** Material provided **
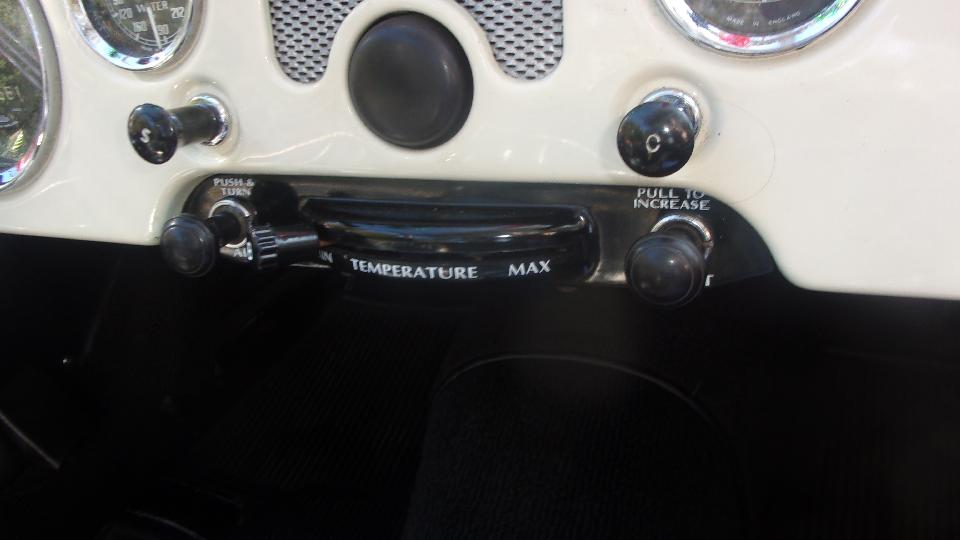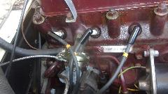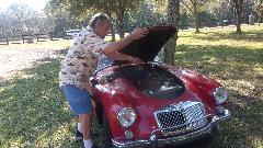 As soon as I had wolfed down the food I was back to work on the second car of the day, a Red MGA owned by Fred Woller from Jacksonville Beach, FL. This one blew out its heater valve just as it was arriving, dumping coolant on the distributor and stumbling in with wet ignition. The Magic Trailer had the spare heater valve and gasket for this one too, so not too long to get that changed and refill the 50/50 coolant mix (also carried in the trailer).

==

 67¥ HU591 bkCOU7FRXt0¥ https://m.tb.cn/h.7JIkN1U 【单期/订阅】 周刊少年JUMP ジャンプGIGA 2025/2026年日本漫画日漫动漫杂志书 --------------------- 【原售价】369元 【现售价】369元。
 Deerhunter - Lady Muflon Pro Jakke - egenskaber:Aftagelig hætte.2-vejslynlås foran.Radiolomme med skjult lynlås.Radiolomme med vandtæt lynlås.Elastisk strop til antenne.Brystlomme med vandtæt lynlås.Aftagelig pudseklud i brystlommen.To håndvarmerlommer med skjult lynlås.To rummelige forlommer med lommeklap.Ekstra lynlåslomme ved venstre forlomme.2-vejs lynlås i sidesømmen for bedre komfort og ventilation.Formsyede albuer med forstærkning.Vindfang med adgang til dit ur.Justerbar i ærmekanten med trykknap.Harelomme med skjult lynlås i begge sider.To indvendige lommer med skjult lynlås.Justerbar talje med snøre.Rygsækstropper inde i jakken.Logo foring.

** Exercise objective **
Output the lines of the records above exactly as they appear, from the line containing "67¥ HU591 bkCOU7FRXt0¥" through the line containing "Deerhunter - Lady".

** Solution for this task **
 67¥ HU591 bkCOU7FRXt0¥ https://m.tb.cn/h.7JIkN1U 【单期/订阅】 周刊少年JUMP ジャンプGIGA 2025/2026年日本漫画日漫动漫杂志书 --------------------- 【原售价】369元 【现售价】369元。
 Deerhunter - Lady Muflon Pro Jakke - egenskaber:Aftagelig hætte.2-vejslynlås foran.Radiolomme med skjult lynlås.Radiolomme med vandtæt lynlås.Elastisk strop til antenne.Brystlomme med vandtæt lynlås.Aftagelig pudseklud i brystlommen.To håndvarmerlommer med skjult lynlås.To rummelige forlommer med lommeklap.Ekstra lynlåslomme ved venstre forlomme.2-vejs lynlås i sidesømmen for bedre komfort og ventilation.Formsyede albuer med forstærkning.Vindfang med adgang til dit ur.Justerbar i ærmekanten med trykknap.Harelomme med skjult lynlås i begge sider.To indvendige lommer med skjult lynlås.Justerbar talje med snøre.Rygsækstropper inde i jakken.Logo foring.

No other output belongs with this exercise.